In which I take the foolish and reprehensible step of holding a slightly different opinion from that of David Mitchell.
David Mitchell (the comedian, not the author, though he’s brilliant too (and there are apparently many others as well, many of whom I’m sure are also jolly good)) is brilliant. He’s been getting some play in the skeptical community lately because of some rather fun jabs that comedy duo Mitchell and Webb take at pseudoscience in their sketch shows, like the Homeopathic E.R. sequence. And he wrote an article this week, about this physics professor in the US who declared recently that Hollywood films should stick closer to science fact.
The first thing I’m prompted to wonder is why this is suddenly newsworthy now, when I’m sure there have been any number of scientists grumbling on very similar lines for years. And David’s main point has also been made a number of times before: the primary purpose of TV and film is to be entertaining, and it’s entirely correct that this should sometimes take priority over reflecting such petty details as the laws of physics with perfect accuracy.
Reality is unrealistic, after all. You don’t want everything in fiction to perfectly resemble the real world you already know and are bored with – that’s why you’re watching telly in the first place. I think I more or less agree with David’s assessment that:
Being realistic is a storytelling tool, like lighting, music and sexy actresses.
This doesn’t downplay its importance too much.

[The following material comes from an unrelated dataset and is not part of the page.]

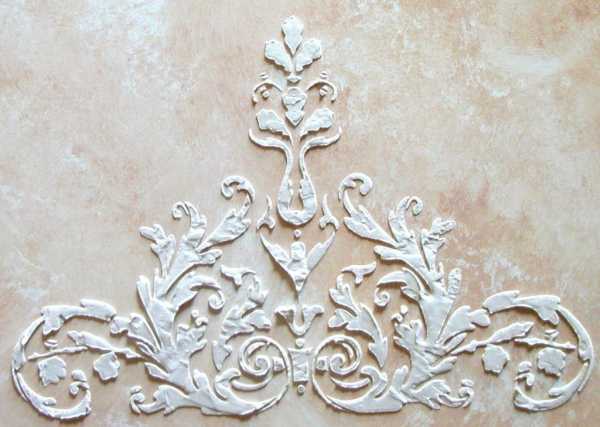 Существуют объемные орнаменты. Их наносят при помощи трафарета, шпаклевки и шпателя. Толщина слоя шпаклевки составляет от 1 до 3 мм. Этот прием позволяет создавать эффектные образы, которые будут смотреться интересно и оригинально.

If you’re telling a story, then storytelling tools are vital. If you don’t bother worrying about the lighting while filming, it’s likely to end up looking terrible; likewise, if realism is completely disregarded, your script will probably be a total mess. Realism is important, but to be used wisely as a tool of story-telling, wherever appropriate, not adhered to dogmatically.
Where I started to cringe a little was this paragraph:
How typical of a scientist to try to reduce film-making to a formula. He’s noticed that enjoyable science fiction sometimes needs to include the impossible, but streams of implausible events don’t make a compelling narrative. He’s right but he should have left it at that. The happy medium is found by using judgment not maths.
It’s the first sentence, really. I hang out with far too many science geeks, and read far too many scientists’ blogs and Twitter feeds, not to be acutely aware that reducing anything to a formula is not typically representative of what scientists always do. It’s usual poor tabloid reporting that produces that kind of nonsense. To some actual scientists, such formulae are anathema.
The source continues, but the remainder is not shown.